Гляжу на рыбу, на торговок, на корзины, на сомов, на лотках разложенных, как толстые горелые бревна, – и вдруг сердце сцепило так! Больно!
Вспомнила: Серафима… И его Рыбу Золотую…
И как я с ней на руках – ночью – на берегу – стояла…
Зажмурилась. Прогнала виденье прочь. «Пошло, пошло вон, сгинь», – шептала себе.
Торговки на меня таращились – наверно, за дуру принимали.
И я спросила их, вдруг так спросила, а ведь не хотела:
– Тетеньки, скажите, пожалуйста, где здесь больница?
Я ведь не хотела видеть никакого Пашку. Никогда! Никогда больше в жизни! Не хотела!
Одна махнула рукой над копчеными сомами:
– Эх! Вот так иди! Прямо! Все прямо и прямо! Не заблудишься!
И я пошла. Все прямо и прямо.
И не заблудилась.
Пришла в больницу. Спрашиваю сестер в приемном покое: у вас лежит больной Павел Охлопков? Лежит, отвечают. Его в Нижний Новгород, в областную больницу, возили, на операцию, и там он три недели лежал, а теперь снова к нам перевели, на выздоровление. А вы кто ему, спрашивают?
Я замялась. Не знаю, что сказать. И как-то губы сами вылепили: жена я ему.
«Молоденькая какая жена! – молодые сестрички смеются. А одна, старая, глядит на меня зорко, черно, как ворона на корку хлеба зимой. – А что ж вы так поздно-то к мужу слепому являетесь!»
Слепому, слепому, слепому, билось во мне.
«А я это, я в отъезде была, в срочном», – вру, и красная вся, и понятно, что вру.
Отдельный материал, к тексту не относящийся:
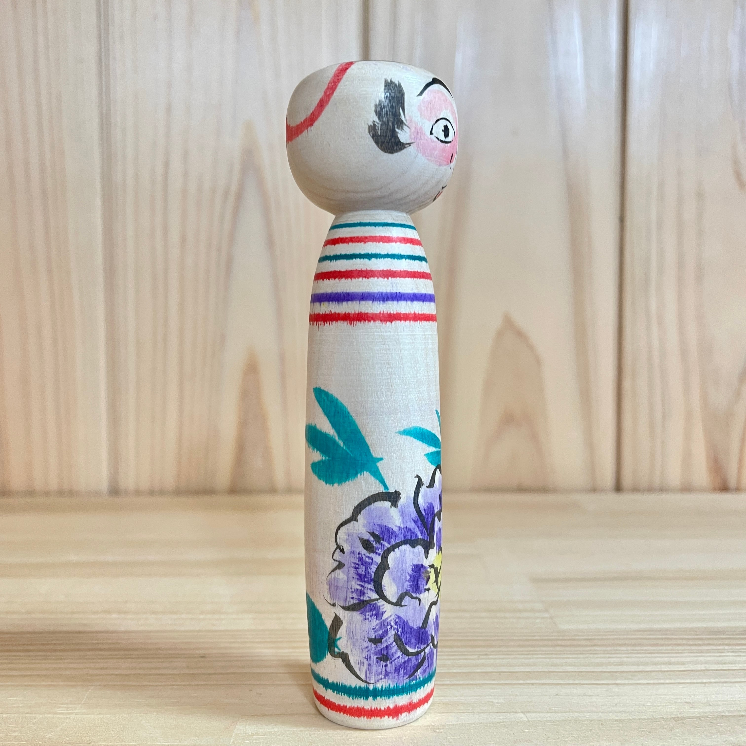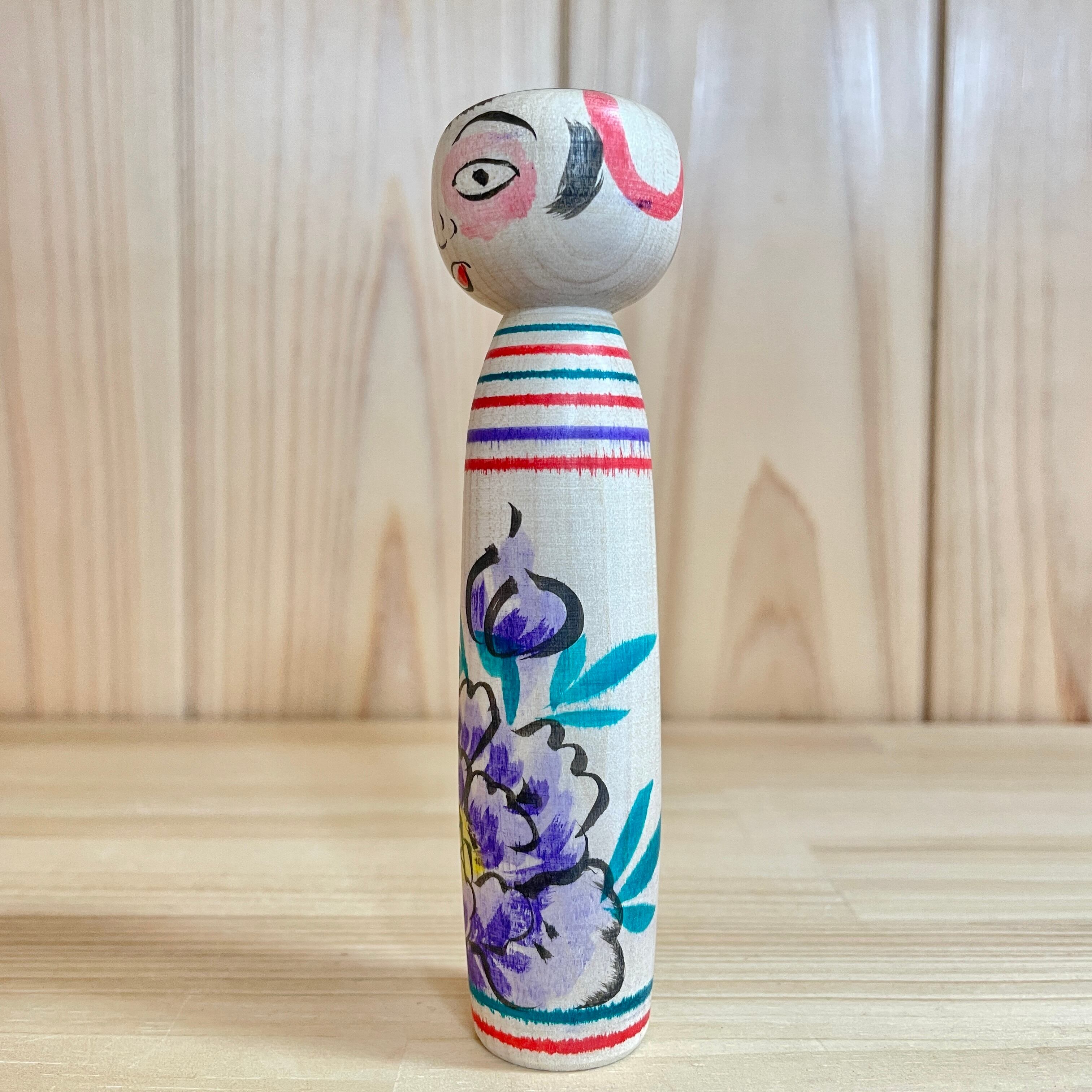 【柿崎文雄工人:中ノ沢系】4寸 こけし 牡丹 紫:約12㎝ N12FK-187
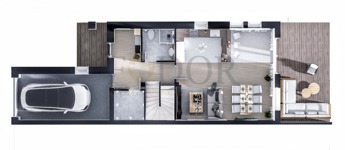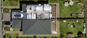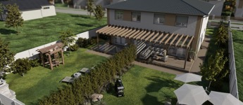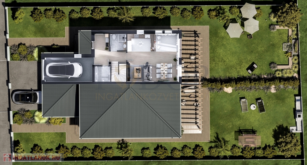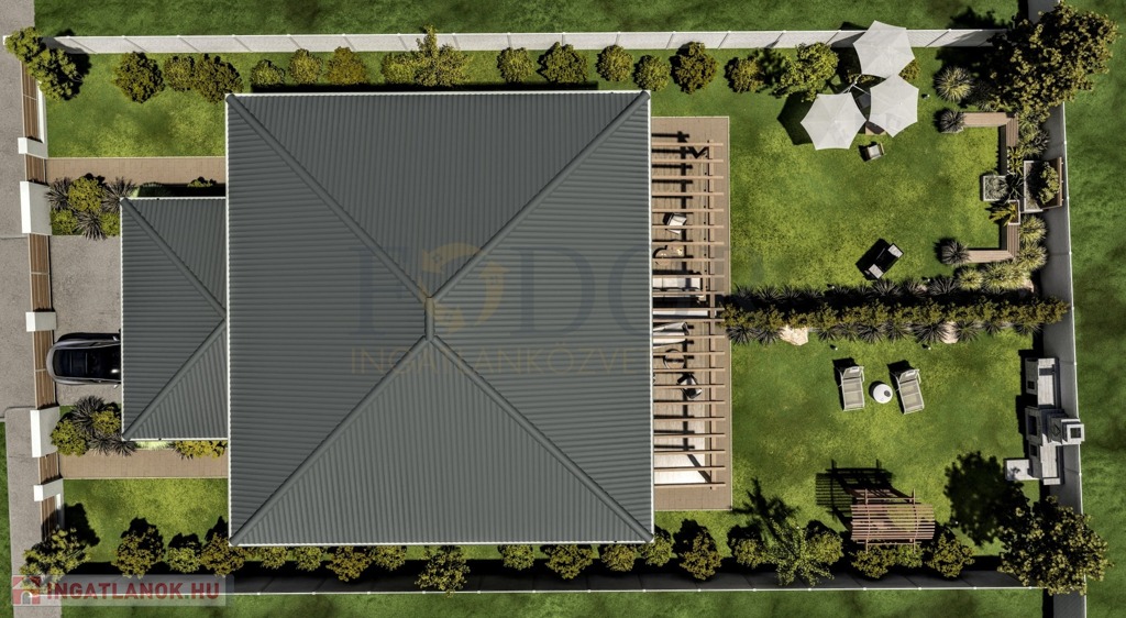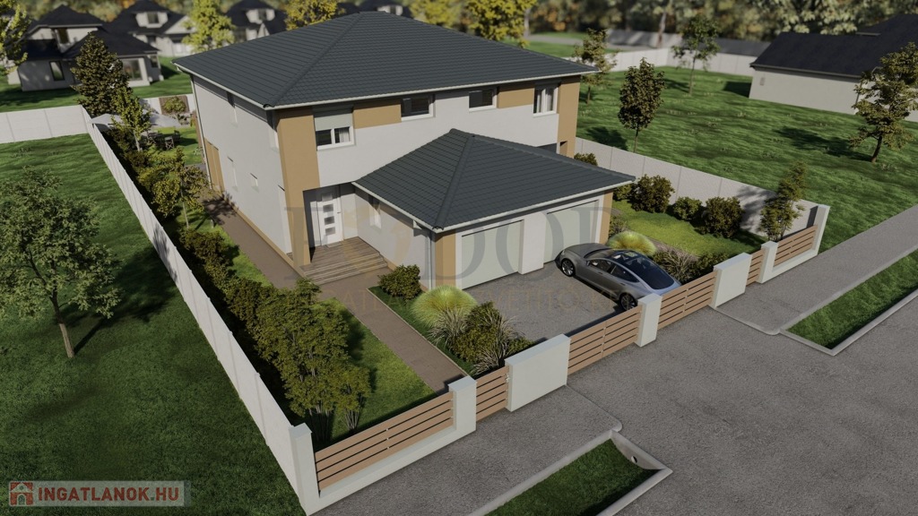 A 849 m²-es telken épülő ingatlan mindkét fele saját, 424 m²-es leválasztott telekrésszel rendelkezik, valamint egy viacolorral burkolt kocsibeállóval is ellátott.
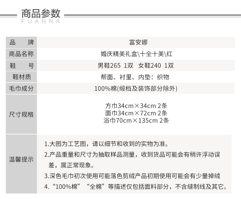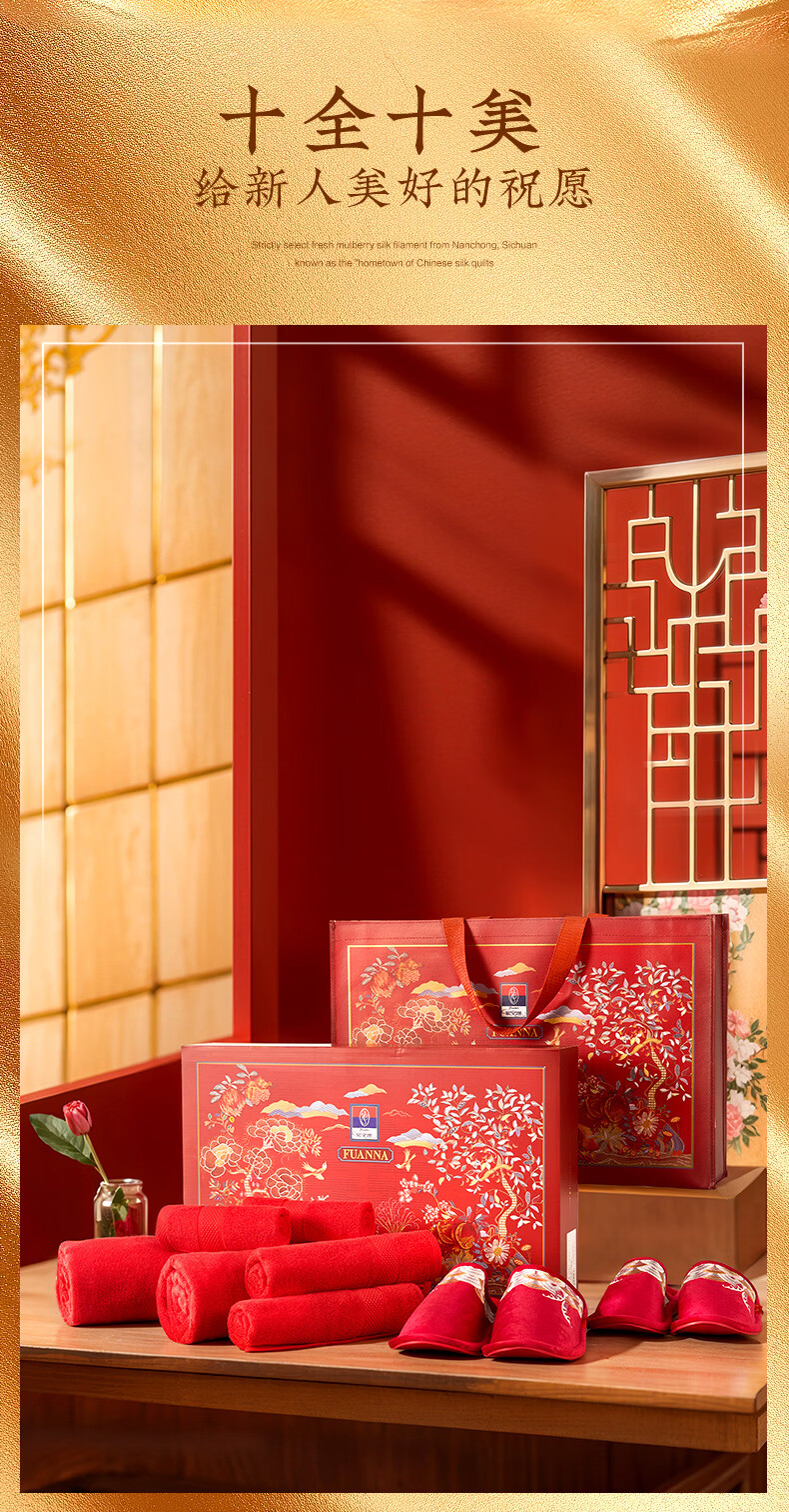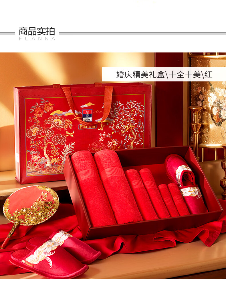富安娜家纺 婚庆礼盒新娘陪嫁套装 高档结婚伴手礼十全十美 【礼盒装】十全十美
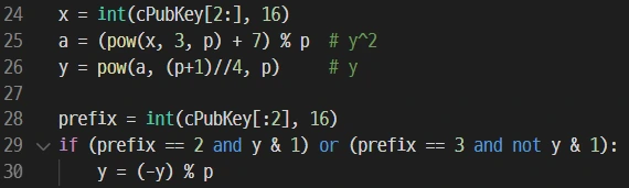 압축 포맷의 공개키를 비압축 포맷으로 변환하려면 주어진 타원곡선의 함수식에 압축 포맷의 x 좌표 값을 대입해서 y 값을 계산한 후, x, y값을 이용해 비압축 포맷으로 나타내면 된다.
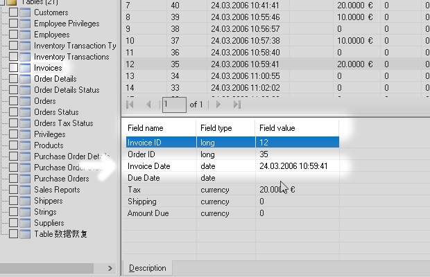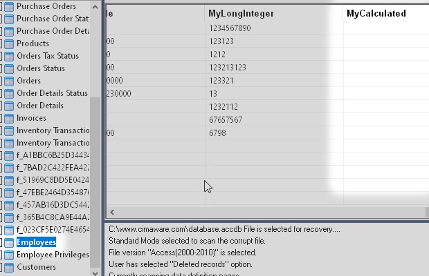 I have also simulated common data loss situations such as deleted records, deleted objects and structural damage.
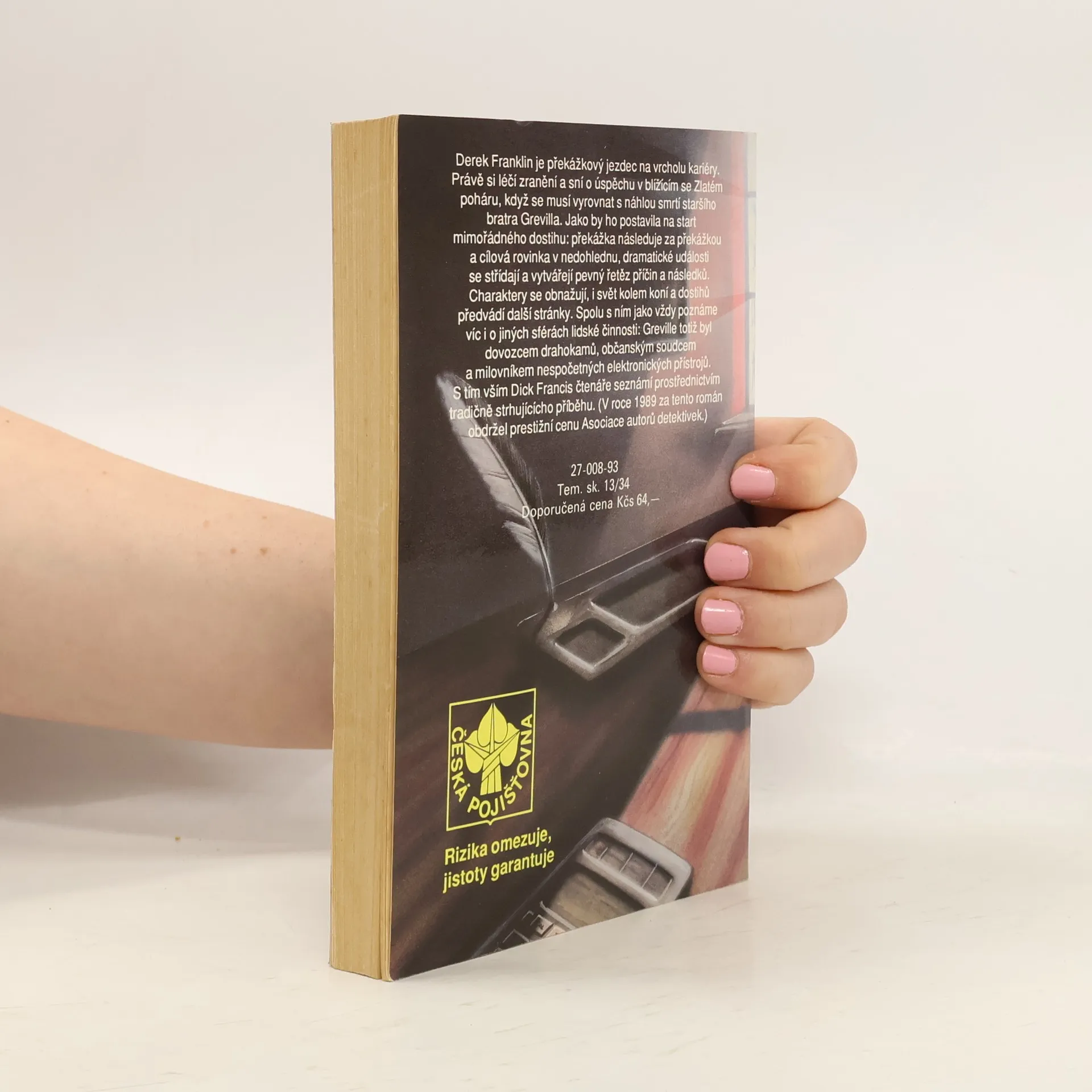 Překážkový jezdec na vrcholu kariéry Derek Franklin si právě léčí roztříštěný kotník, když se dozví, že jeho o devatenáct let starší bratr Greville umírá po těžkém úrazu. Vypraví se za ním do nemocnice, aby s ním strávil jeho poslední chvíle, a netuší, co všechno ho v nejbližší době čeká. Zdědí totiž život svého bratra, jeho psací stůl, jeho podnik pro import drahokamů, jeho zálibu v nesčetných přístrojích a hlavolamech, jeho milenku, koně, ale také jeho nepřátele, kteří ho málem o Grevillův podnik připraví. Teprve v cílové rovince tohoto mimořádného dostihu se rozhodne, jestli neztratí svůj život a zda sám obstojí se ctí.
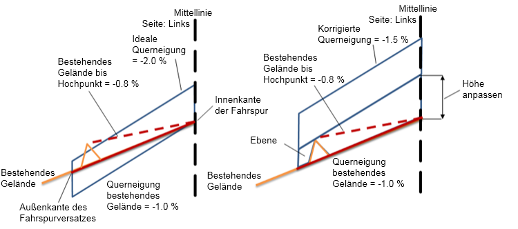 | Korrigierte Querneigung | Die korrigierte Querneigung wird auf -2.5 % angepasst. |
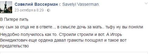 "Неудобно получилось как-то. Строили, строили и вот. А Игорь Венедиктович еще ордена давал, грамоты, поощрял, и такое вот предательство", - пишет девушка.
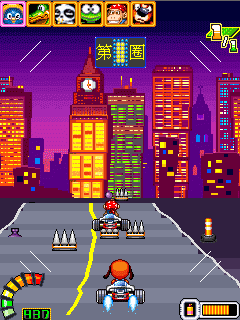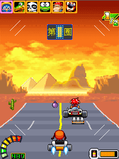 练习模式是随机出车。飞行和导弹只有特殊车辆可使用,游戏中的前三名才能获得奖金。长按左右键会漂移,增加氮气。
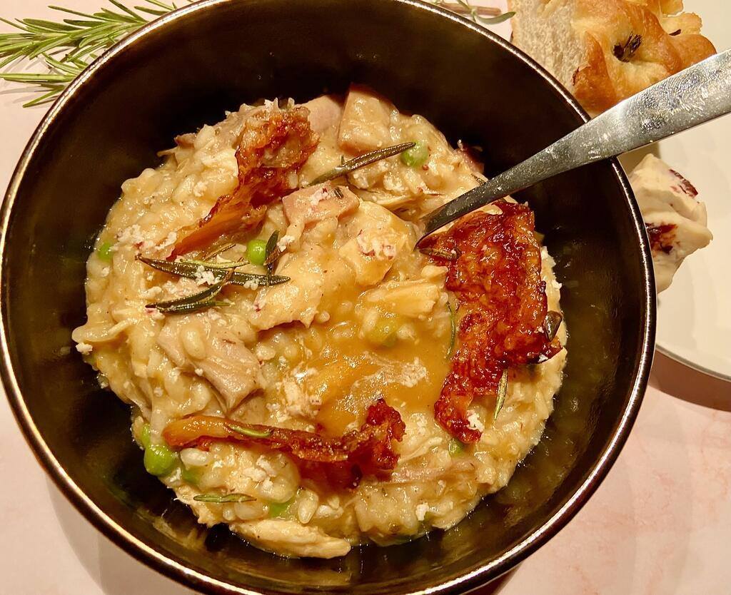 Leftover turkey and gammon risotto by Michael Catling 8 November 2025 Skip to Recipe Print Recipe 142 Turn your Christmas day leftovers into tomorrow’s main by repurposing the gravy, gammon stock and the leftover turkey and ham to make this dreamy risotto. I refuse to let any leftovers go to waste and this is probably my favourite way to repurpose all the wonderful leftovers from your Christmas dinner and Boxing Day buffet. To do it properly, you need to use a combination of gravy and gammon stock to cook the risotto, before stirring in flakes of gammon and turkey at the end. I like to grate over a healthy portion of wensleydale, but any leftovers from your cheeseboard will work wonders and produce the most indulgent risotto you’ve ever tasted. How To Make Leftover Turkey And Gammon Risotto Chef Catling’s recipe notes Recipe: Leftover turkey and gammon risotto What’s the secret to a great risotto – must read Tips & Notes To Know A Christmas day dinner in risotto form: I used turkey and gammon, but any combination of meat, gravy or stuffing would work just as well. Be careful with the salt: Gammon is naturally very salty, so be sure to taste the risotto before you add any extra seasoning. Leftover turkey and gammon risotto Serves: 2 Pin Print Ingredients 200g leftover turkey100g gammon, finely chopped1/2 tbsp olive oil, plus extra for flash-frying1 small white onion, finely chopped1 tsp fresh thyme leaves, finely chopped1/8 tsp celery salt150g carnaroli risotto rice450ml gammon stock250ml leftover turkey gravy, plus 50ml to serve1 sprig fresh rosemary, leaves picked60g frozen peas1/2 tbsp cream cheese20g Wensleydale with cranberries, finely grated Instructions Step 1In a bowl, shred the turkey meat into strips and reserve the skin. Step 2Heat the olive oil in a shallow sauté pan over a low-to-medium heat. Add the onion and gently cook for 10-15 minutes or until the onion is soft but not coloured. Add the thyme leaves and celery salt and cook for 1 minute more. Step 3Pour the gammon stock and turkey gravy into separate saucepans and bring to a simmer on a low heat. Step 4Turn the heat up slightly under the onions and add the carnaroli risotto rice. Toast the grains for 2-3 minutes, stirring constantly, until the edges of the rice look slightly translucent. This will help to crack the grains so they absorb the stock better. Step 5Add a ladleful of gammon stock to the risotto and cook over a low-to-medium heat, stirring often, until nearly all the stock has been absorbed. Gradually add the remainder of the stock a little at a time, followed by the gravy. Continue to simmer and stir regularly but not constantly. Step 6Meanwhile, place a small frying pan over a medium-high heat and add the turkey skin. When it starts to sizzle and release its fat, add the rosemary leaves and toss to coat. Continue to fry until the turkey skin is golden and crisp; about 2 minutes. Pat the turkey skin and rosemary dry on kitchen paper and set aside. Step 7With 3 ladlefuls of gravy left, add the gammon and turkey to the risotto and stir to combine. Step 8By the time the final ladleful of gravy has been absorbed, the risotto should be creamy and plump with a slightly chalky bite – the packet usually says this takes about 20 minutes but it's more like 30 minutes so keep tasting. If the grains are still undercooked, add a splash of hot water and continue to cook, stirring often. Step 9To finish the risotto, stir in the peas and continue to cook for 1 minute. Season to taste with salt and pepper, then remove the pan from the heat and stir in the cream cheese and grated Wensleydale cheese. Step 10Cover with a lid and leave the turkey and gammon risotto to sit for 5 minutes before dividing between bowls. Create a little well in the centre for the leftover gravy and garnish with the crispy rosemary leaves and turkey skin before serving. Did You Make This Recipe? Tag me on Instagram at @Chef_Catling. What’s The Secret To A Great Risotto? 1. Choose the right rice Long grain rice, like basmati or jasmine, should be nowhere near a risotto. You’ll find that most recipes call for arborio rice, but I prefer to use carnaroli because it produces the best texture (plus it’s harder to overcook). 2. Don’t rinse your rice Unlike with other types of rice, rinsing risotto rice serves no purpose. The natural starch that is present on the outside of risotto rice is what’s needed to thicken the dish and gives it that smooth, unctuous texture. By washing the rice, you are getting rid of the starch which will not only affect the texture, but also the cooking time and the consistency of the finished dish. 3. Use a wide, shallow pan Although I’ve made many risottos in my Le Creuset knock-off, I’ve found it far easier using a wide sauté pan, especially when cooking for my fiancée and I. The greater surface area means you can comfortably stir the rice and spread it more evenly across the base of the pan. 4. Toast the rice This step only takes a couple of minutes, but it us vitally important because toasting enhances the rice’s nutty flavour and helps the grains absorb the liquid more evenly. The rice should sizzle as it hits the pan. You’ll hear a slight popping sound as the rice toasts, but the key is to keep stirring so the grains don’t catch at the bottom of the pan. You’re looking for the grains to become slightly translucent around the edges, not browned. 5. Keep the stock on a rolling boil Adding cold stock is guaranteed to slow down the cooking process and disrupt the rice’s ability to absorb liquid. Instead, keep the stock simmering on the hob in a separate pot, so you can ladle it into the risotto without losing any temperature. 6. Add the stock gradually Refrain from tipping all the stock in at once. Add the liquid one ladleful at a time, and wait until the rice has absorbed most of the stock before adding more. This gradual absorption technique is key to developing the creaminess of the risotto
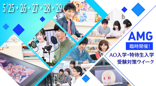 エンタメ業界の即戦力を育成する大阪アミューズメントメディア専門学校(大阪市淀川区、理事長:吉田 尚剛、以下 大阪AMG)は、6月1日(月)からスタートするAO入学・特待生入学に向けての申込に先駆け、『受験対策ウィーク』と題したイベントの開催を決定しました。期間は、5月25日(月)~5月29日(金)の1週間。YouTubeを使った「オンライン講座」と、来校しての「個別進学相談会」を毎日開催します。
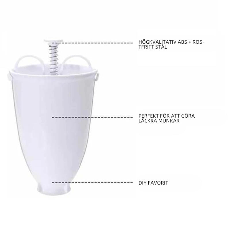 Denna lÀttanvÀnda Donut Maker- Gör dina egna munkar hemma Àr varje munk Àlskares dröm! Den gör att du kan fördela deg i jÀmna storlekar sÄ det Àr sÄ enkelt att göra egna munkar; du fÄr smaka en nybakad saftig munk pÄ nolltid!

Хмыкнули. Здесь сидите, сказали, сейчас вас к нему в палату проведут.
Провели. Я порог-то палаты переступила – и сразу его увидела.
Лежал вверх лицом. Синяки уж с лица сошли. Оба глаза были перевязаны чистыми белыми бинтами. Такими белыми, что у меня в глазах заболело, и я сама тоже чуть было не ослепла.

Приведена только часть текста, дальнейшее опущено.